Helping the Little Guy

Animals often compete with one another for food, but sometimes their actions can actually help other animals (Image Credit: Dennis Jarvis, CC BY-SA 3.0, Image Cropped)
Food and habitat provisions jointly determine competitive and facilitative interactions among distantly related herbivores (2019) Pan et al., Ecology Letters, https://doi.org/10.1111/1365-2435.13456
The Crux
Community structure, or the makeup of species within a given habitat, is largely determined by the interactions between the organisms that feed on plants. As such, the effects that different herbivores have on one another may impact how they feed, which would then feed back into which plants that are consumed, which would impact community structure. When one herbivore has a positive effect on the feeding of another, this is called facilitation.
Classically, facilitation has been studied as a one-way interaction (Species A facilitating Species B), but this ignores the reality of natural systems, where any interaction between species has the potential to act both ways. Today’s study investigated three different herbivores to investigate how they may interact with and/or facilitate one another.
What They Did
As their herbivores, the researchers used three animals from the Tibetan Plateau: yak (Bos grunniens), Tibetan sheep (Ovis aries), and tussock moth caterpillars (Gynaephora alpherakii). All of these animals have lived on the Tibetan Plateau and coevolved for thousands of years, making them ideal organisms to investigate the interactions and potential facilitation among herbivores. Yak and caterpillars both prefer to eat sedge, the dominant plant species in the community, and were predicted to compete. The sheep prefer to eat forbs (forbs are plants that are not woody or grass-like), which are normally outgrown by the sedge. The caterpillars likely facilitate the sheep, by eating the sedge, which releases the forbs from competition and allows them to grow more, giving the sheep more forbs to eat.
The authors set up 9 experimental plots and used three treatments; yak and caterpillar grazed, sheep and caterpillar grazed, and caterpillars only.

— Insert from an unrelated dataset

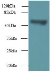 - Western blot. All lanes: TCP11L2 antibody at 1 ug/ml+ A549 whole cell lysate Goat polyclonal to rabbit at 1:10000 dilution. Predicted band size: 58 kDa. Observed band size: 58 kDa.

Within each of these 9 plots, the authors sprayed a small area with pesticides to remove caterpillars without harming the plants. These combinations allowed the authors to tease apart the effects that the organisms had on one another and the plants. The authors then measured which plant each herbivore preferred, as well as how much of each they ate.

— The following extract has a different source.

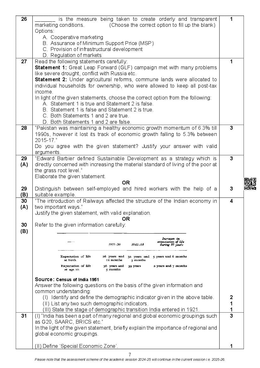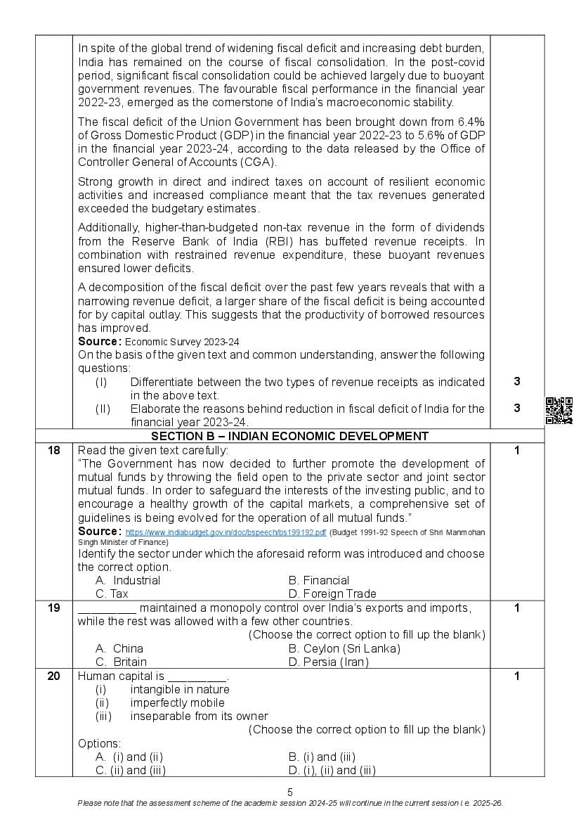 CBSE Class 12 Economics Sample Paper Solution 2025 PDF Download Link – Click Here to Download Solutions / Marking Scheme

Did You Know: Indirect Effects
When we think of the effects that one organism has on another, we tend to think of direct effects, meaning that it is an interaction between two organisms. An example of a direct effect in this study would be the yak reducing the density of the sedge by eating it. Indirect effects, on the other hand, are those in which one organism interacts indirectly with another via a third organism. An example from this study would be the feeding of yaks increasing the densities of caterpillars. This is an indirect effect, because the yak eating the sedge allows other plants to grow more than they normally would (because the sedge would out-compete them). The caterpillars prefer these other plants to live on, so when these plants grow more as a result of the yaks eating sedge, the caterpillar population can increase.
What They Found
Yak and caterpillars did in fact prefer the dominant sedge, while the sheep preferred the forbs. The presence of the larger herbivores (yak and sheep) actually increased the densities of caterpillars. The presence of caterpillars increased the foraging rate of sheep, but it decreased the rate of foraging for yak. The larger herbivores changed the habitat that the caterpillars lived on, facilitating an increase in available food, while the caterpillars consumption of sedge facilitated sheep (by allowing the forbs to grow more) but competed with yak because they ate the same food.

The Tibetan Plateau, home of the yak, sheep, and caterpillars used in this study (Image credit: Jochen Westermann, CC BY 2.0).
Problems
The authors in the study only ran the experiment for ~1 year. While this was enough time to get an idea of what the different herbivores ate, it is only representative of a single season. The results they found may have been a fluke, and the patterns may be completely different over a longer time frame. I know I sound like a broken record, but these complicated ecological processes are just that, complicated, and it takes a LOT of work to understand them.
So What?
This study has shown that facilitative effects of herbivores go in both directions, confirming the need to consider both sides of the interaction. One of the difficulties in science is that experiments need to have strict controls and methodologies to ensure that confounding variables aren’t affecting the results. As a consequence, studies may only consider one part of the whole picture, and studies like today’s are perfect illustrations of why we need to investigate all aspects of ecology.